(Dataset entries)
= Beginning of Section =
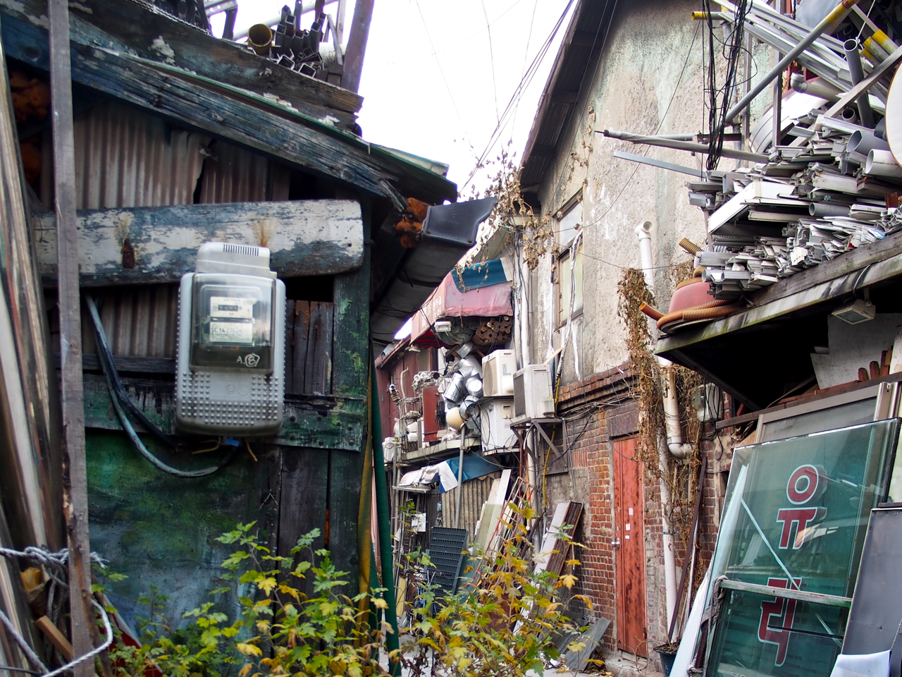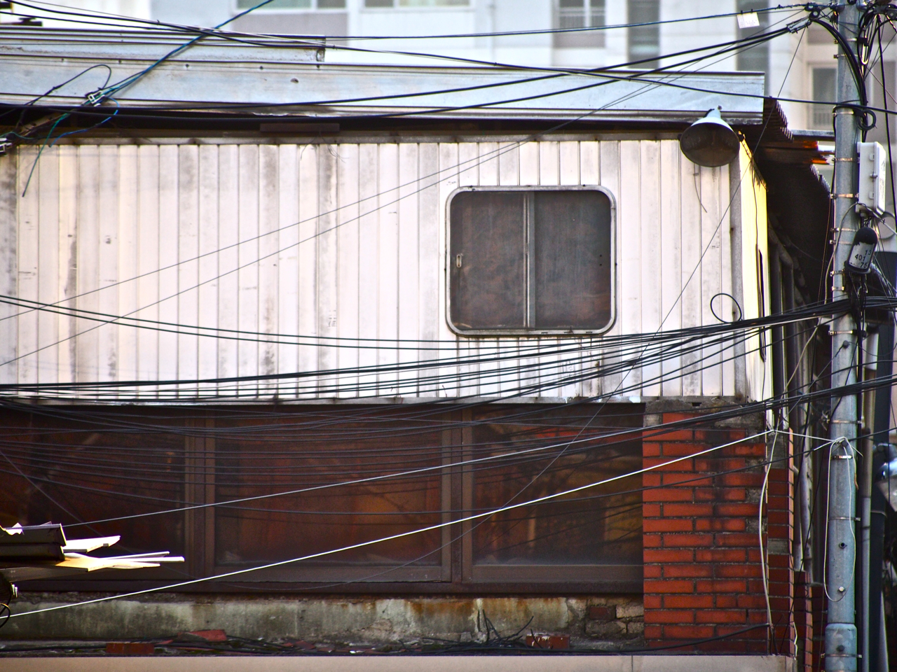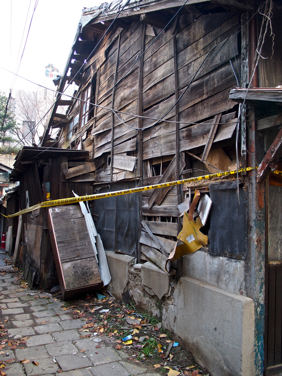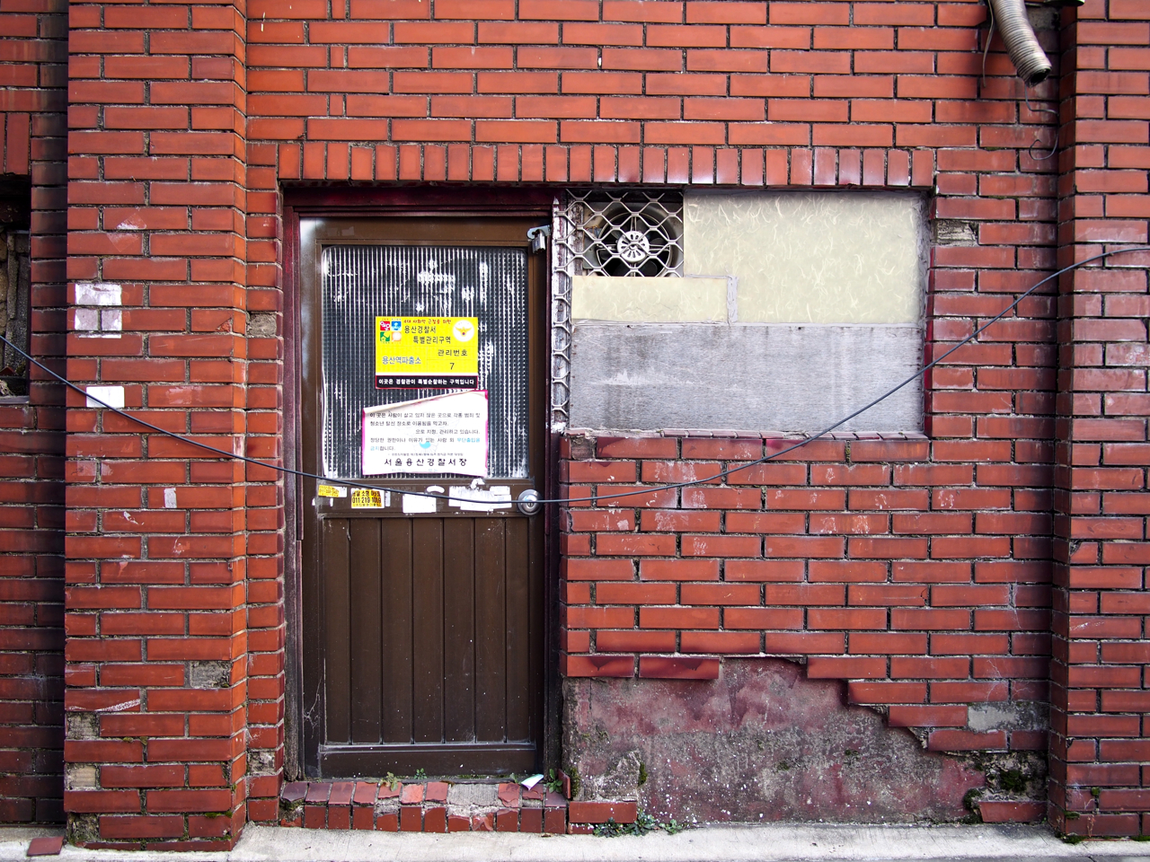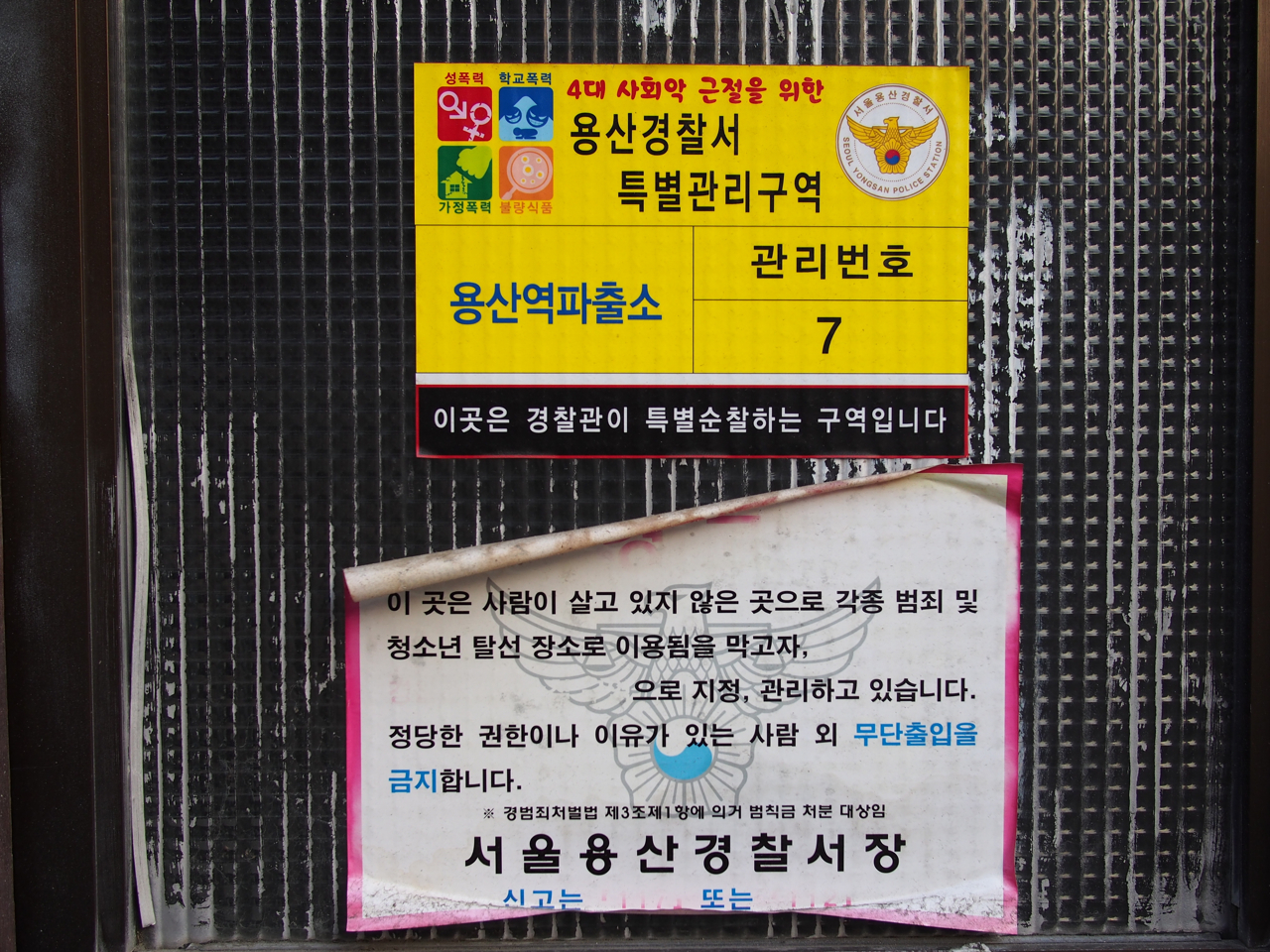 On the west side of Hangang-dae-ro, heading out Exit 8 or 9 will shortly bring you to the rail tracks that run between Yongsan and Yeongdeungpo Stations. I climbed the stairs up to a pedestrian walkway that ran along a road over the tracks and watched for a bit as KTX and Saemaeul trains rumbled by underneath. On the opposite side new apartment towers lined up, but below me the area next to the tracks was occupied by tin roofed machine shops. Just north of these were the recently built Worldmark Apartments, mirroring those across the way, but to the south was an area of small alleys where trash was lined up in piles in front of buildings. A bit further in there were rows of abandoned low red brick buildings. At first I thought they maybe once housed factories, but peering in through broken windows at refuse piled up in former kitchens it appeared that they had previously been apartments. In any case they weren’t anything anymore, and the only sign that anyone still paid them any attention were the signs notifying citizens that the police regularly patrolled the area to prevent crime.
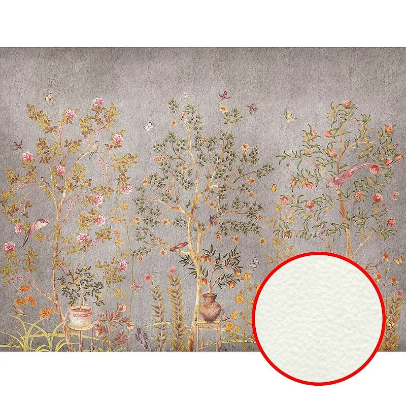 Фреска Ortograf Silver&Gold 32813 Фактура флок FLK Флизелин (3,6*2,7) Серый/Разноцветный, Деревья/Цветы/Птицы
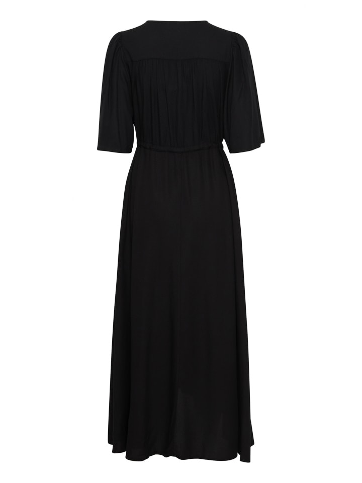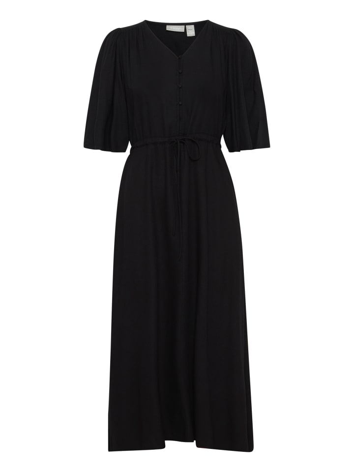 Черное платье миди с V-образным вырезом, застежкой на пуговицы спереди, поясом на талии, широкими рукавами до локтя и прямым силуэтом. Бережная стирка при 30°C, не отбеливать, не сушить в сушильной машине, сушить в подвешенном состоянии, гладить теплым утюгом (макс. 150°C), химчистка. Верхний материал: 100% вискоза. Особенности: V-образный вырез с застежкой на пуговицы, широкие рукава до локтя, пояс на талии, прямой крой, длина миди. Материал: 100% вискоза.
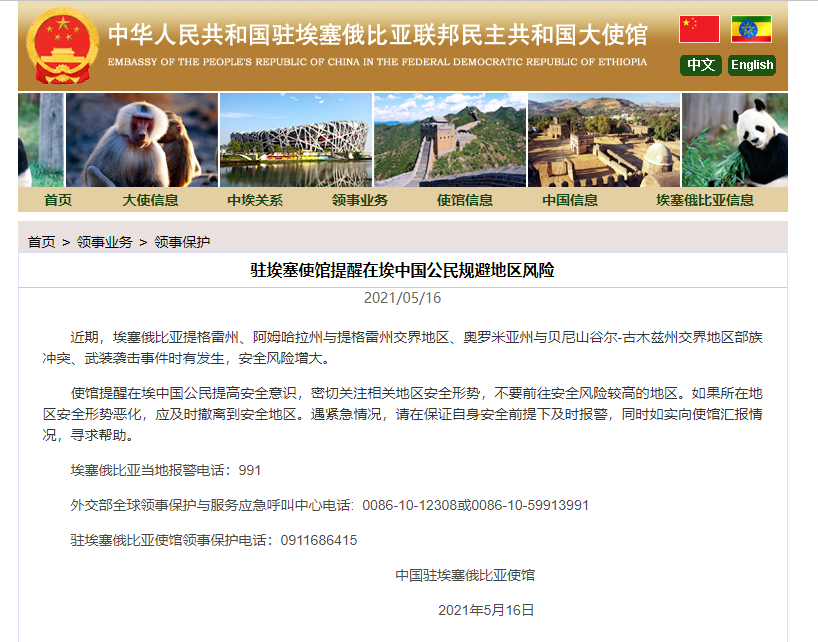海外网5月17日电 据中国驻埃塞俄比亚大使馆官网消息,近期,埃塞俄比亚提格雷州、阿姆哈拉州与提格雷州交界地区、奥罗米亚州与贝尼山谷尔-古木兹州交界地区部族冲突、武装袭击事件时有发生,安全风险增大。
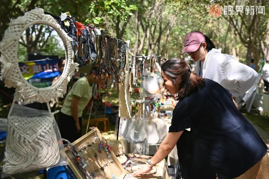6月7日,在水磨沟公园(水塔山)的“风滚草”小集上,游客在挑选扎染文创产品。资料图片
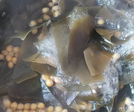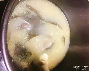 这是2个半小时后 已经把猪头取出来放入备好的海带了 放盐 放羊肚菌
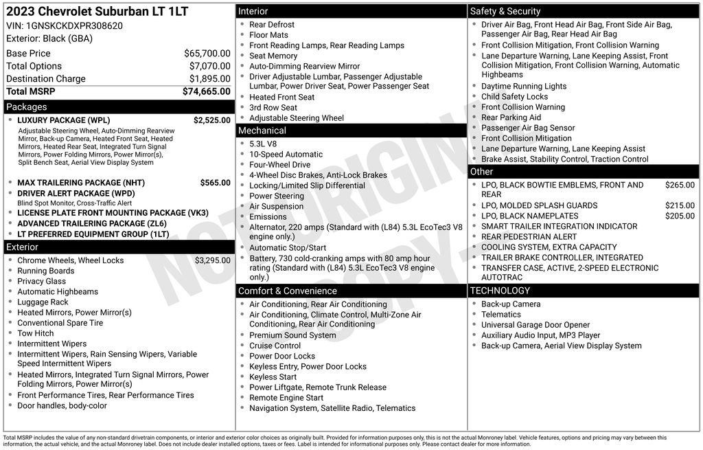 Black 2023 Chevrolet Suburban LT 4WD 10-Speed Automatic with Overdrive EcoTec3 5.3L V8
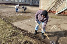 В дни весенних каникул педагоги школы приводят школьный двор в порядок.
= End of Section =
→ **Work item**
The answer must be the lines of the entries above, written out exactly from the first through the one with "Фреска Ortograf Silver&Gold", and no pictures.

→ **Result for this task**
 On the west side of Hangang-dae-ro, heading out Exit 8 or 9 will shortly bring you to the rail tracks that run between Yongsan and Yeongdeungpo Stations. I climbed the stairs up to a pedestrian walkway that ran along a road over the tracks and watched for a bit as KTX and Saemaeul trains rumbled by underneath. On the opposite side new apartment towers lined up, but below me the area next to the tracks was occupied by tin roofed machine shops. Just north of these were the recently built Worldmark Apartments, mirroring those across the way, but to the south was an area of small alleys where trash was lined up in piles in front of buildings. A bit further in there were rows of abandoned low red brick buildings. At first I thought they maybe once housed factories, but peering in through broken windows at refuse piled up in former kitchens it appeared that they had previously been apartments. In any case they weren’t anything anymore, and the only sign that anyone still paid them any attention were the signs notifying citizens that the police regularly patrolled the area to prevent crime.
 Фреска Ortograf Silver&Gold 32813 Фактура флок FLK Флизелин (3,6*2,7) Серый/Разноцветный, Деревья/Цветы/Птицы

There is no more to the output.